Modular Monolith is the new Microservices

Parler de monolithe modulaire en fin d'année 2025, c'est arriver un peu après la bataille. Nous avons tous souffert à essayer d'opérer 3 microservices sur Kubernetes managé et pleuré chaque mois en recevant la facture. Le principe du monolithe modulaire, plein d'un pragmatisme revigorant, a fait des émules. Cependant, son implémentation concrète mérite qu'on s'y attarde.
Des contextes déployés dans une même coquille
Rappelons pour commencer ce qu'est un monolithe modulaire :
- Le monolithe modulaire s'oppose au monolithe plat de spaghettis par sa structuration claire en bounded contexts . Cela signifie qu'une vraie démarche de DDD stratégique a été menée en amont. On sait où l'on met les pieds.
- Mais dans le même temps, le monolithe modulaire conserve la facilité de déploiement du monolithe, puisque les différents contextes sont déployés au sein d'une seule et même "coquille". Conséquence immédiate cependant : redéployer un contexte signifie redéployer tous les contextes (on ne peut pas avoir le beurre et l'argent du beurre).
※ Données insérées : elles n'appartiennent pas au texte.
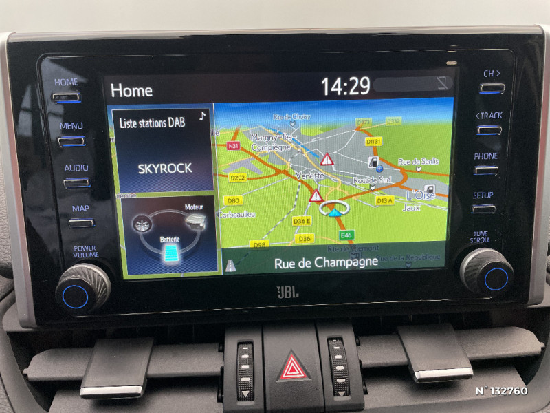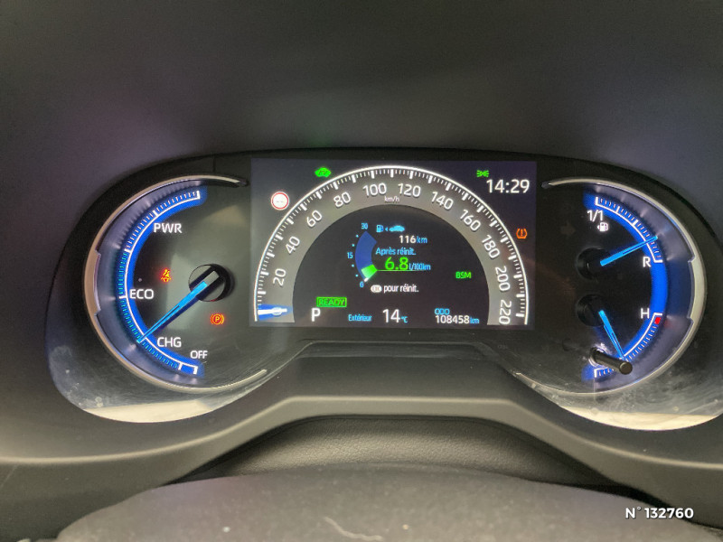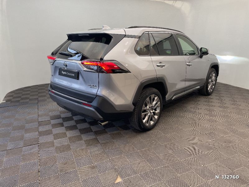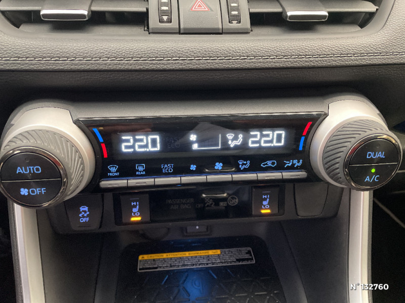 Rétroviseurs extérieurs couleur carrosserie / Rétroviseurs extérieurs électriques, dégivrants et rabattables électriquement avec rappel de clignotants / Sélection mode de conduite : ECO, NORMAL, SPORT, EV / Siège conducteur à réglage lombaire électrique / Siège conducteur à réglages électriques avec mémorisation / Système anti-démarrage avec fonction double verrouillage / Système audio Toyota Touch avec écran couleur tactile 8" multifonction, connectique auxiliaire/USB et radio digitale (DAB) / Système audio Toyota Touch avec écran couleur tactile 8" multifonction, lecteur CD, système de téléphonie Bluetooth, connectique auxiliaire/USB, 6 haut-parleurs et antenne DAB. / Système AVAS (Acoustic Vehicle Alerting System) / Système d'appel d'urgence automatique "E-Call" / Feux clignotants à halogène / Cache-bagages / Ciel de pavillon gris / Clé sécurisée contre les attaques par relais / Coffre à ouverture et fermeture électriques / Combiné d'instrumentation avec écran couleur TFT 8" / Commande de blocage de différentiel "Trail" / Contreportes en cuir synthétique / Crochets porte-manteaux x2 / Double sortie d'echappement ovale / Ecrous antivol / Espace de rangement latéral dans le coffre / Barres de toit longitudinales / Frein de stationnement électrique / Grille de calandre couleur acier / Indicateur de perte de pression des pneus / Kit de réparation anti-crevaison / Kit de sécurité / Optiques AV et AR à LED / Optiques AV full-LED Premium / Optiques AV LED avec signature lumineuse Premium / Système de connectivité smartphone Apple CarPlay / Android Auto / Accoudoir central AV avec compartiment de rangement / Accoudoir central AV avec compartiment de rangement rétroéclairé / Alerte d'oubli de ceinture et de lumière / Antenne de toit type requin / Appuis-tête AV réglables en hauteur et en inclinaison réglables / "ATTENTION" - Equipements non communiqués / Avertisseur de circulation AR avec freinage d'urgence automatique (PKSB) / Badge AWD-i sur hayon / Essuie-glaces AV avec détecteur de pluie / Fermeture centralisée avec commande à distance et verrouillage des ouvrants en roulant / Feux stop à halogène / Filet coffre / Système de téléphone Bluetooth / Système d'ouverture/fermeture des portes et démarrage sans clé "Smart Entry & Start" / Système intelligent de plancher plat Toyota Easy Flat System / Systèmes de contrôle de motricité (TRC) et de stabilité (TSC) / Systèmes de freinage antiblocage (ABS) et d'amplification de freinage d'urgence (BA) + EBD / Tapis de sol RAV4 Hybrid en velours, AV et AR / Toyota Safety Sense Système de sécurité précollision avec détection des piétons, Alerte de franchissement de ligne et détecteur de fatigue, gestion automatique des feux de route, lecture des panneaux de signalisation, régulateur de vitesse adaptatif. / Toyota Touch & Go : système de navigation à écran tactile 8" avec info trafic et cartographie européenne / Vitres électriques AV et AR à fonction anti-pincement avec descente et remontée à impulsion / Volant et levier de vitesse gainés cuir / Volant multifonction 3 branches, réglable manuellement en hauteur et profondeur / 7 Airbags (frontaux et latéraux pour conducteur et passager AV, rideaux AV et AR et protège-genoux conducteur) / 9 HP / Pack Design / Peinture Blanc Pur / Plancher de coffre réversible avec revers imperméable / Poignées de portes extérieures couleur carroserie avec insert chromé / Porte-gobelets rétroéclairés / Protections de soubassement AV et AR grises / Rétroviseur intérieur électrochromatique

La beauté du monolithe modulaire, c'est qu'il n'obère pas le futur : il sera toujours temps de passer en microservices si le besoin se fait sentir. Quand vous serez Google ou Netflix et que vous aurez des vrais problèmes de scalabilité 😉
Mise en œuvre : 4 principes essentiels
Cependant, une fois qu'on a dit ça, on n'a pas dit grand-chose. D'expérience, la mise en œuvre d'un monolithe modulaire soulève des questions. Voici 4 aspects qui me semblent particulièrement importants :
- Isoler le domaine à l'intérieur de chaque contexte, via une architecture hexagonale ou bien functional core / imperative shell. Ainsi, votre monolithe est une juxtaposition de jolis petits hexagones bien rangés les uns à côté des autres, même si l'API HTTP et l'infrastructure sont mutualisées.
- Si les différents contextes requièrent le même type de base de données (relationnel, document, graphe, clé-valeur etc.), cette dernière peut être mutualisée. Cependant, on voudra y retrouver l'organisation en contextes. Pour une base SQL, cela veut dire créer un schéma par contexte.
- Et interdiction pour un contexte d'aller lire ou écrire en base dans le schéma du petit copain. Non, on fait proprement un appel à l'API exposée par le contexte en question. Comme pour un objet, accéder directement aux données d'un contexte serait une violation de responsabilité ("tell, don't ask" ).
- Quand je dis "API", vous pouvez envisager d'invoquer réellement l'API HTTP, par opposition à des appels de fonction en mémoire. Certes, cela introduit de la latence, mais assure de passer par toutes les couches de validation des contrôleurs HTTP et facilite la transition ultérieure vers des microservices. C'est également l'opportunité d'un meilleur équilibrage de la charge lorsque vous déployez plusieurs instances applicatives du même monolithe.
Cela dit, nous avons fait l'hypothèse jusqu'à présent que les contextes communiquaient par appels directs les uns aux autres. Je vous déconseille de faire cela, car le passage en microservices, s'il devait arriver un jour, serait franchement douloureux. Que faire alors ?
Quid de la communication entre contextes ?
La modalité de déploiement ne dit rien de la modalité de communication entre contextes. De même que s'ils étaient déployés en tant que microservices, vous pouvez passer par un orchestrateur (point focal connaissant tous les contextes) ou bien souhaiter une communication événementielle, via un bus de données, pour un meilleur découplage entre contextes.
Ainsi, dans une Event-Driven Architecture, chaque contexte écoute et enregistre les informations qui lui seront utiles pour ses futurs traitements. Ultérieurement, lorsqu'il est interrogé au travers de son API, le contexte dispose de toute l'information nécessaire pour travailler en toute autonomie, que les autres contextes soient opérationnels ou non (dans le cas de microservices). Les seuls appels qu'il fera concernent des services, tels la génération d'un PDF ou l'envoi d'un mail. Et ce contexte émet à son tour de nouveaux événements, relatifs à sa seule responsabilité. On parle de chorégraphie et parfois de "cascade" événementielle quand on observe les réactions en chaîne entre contextes.
Cette modalité comporte elle aussi ses difficultés, puisqu'il faut gérer les transactions (et donc le rollback) à grande échelle. Mais d'expérience, elle est bénéfique même pour des systèmes de taille moyenne (quelques dizaines de contextes).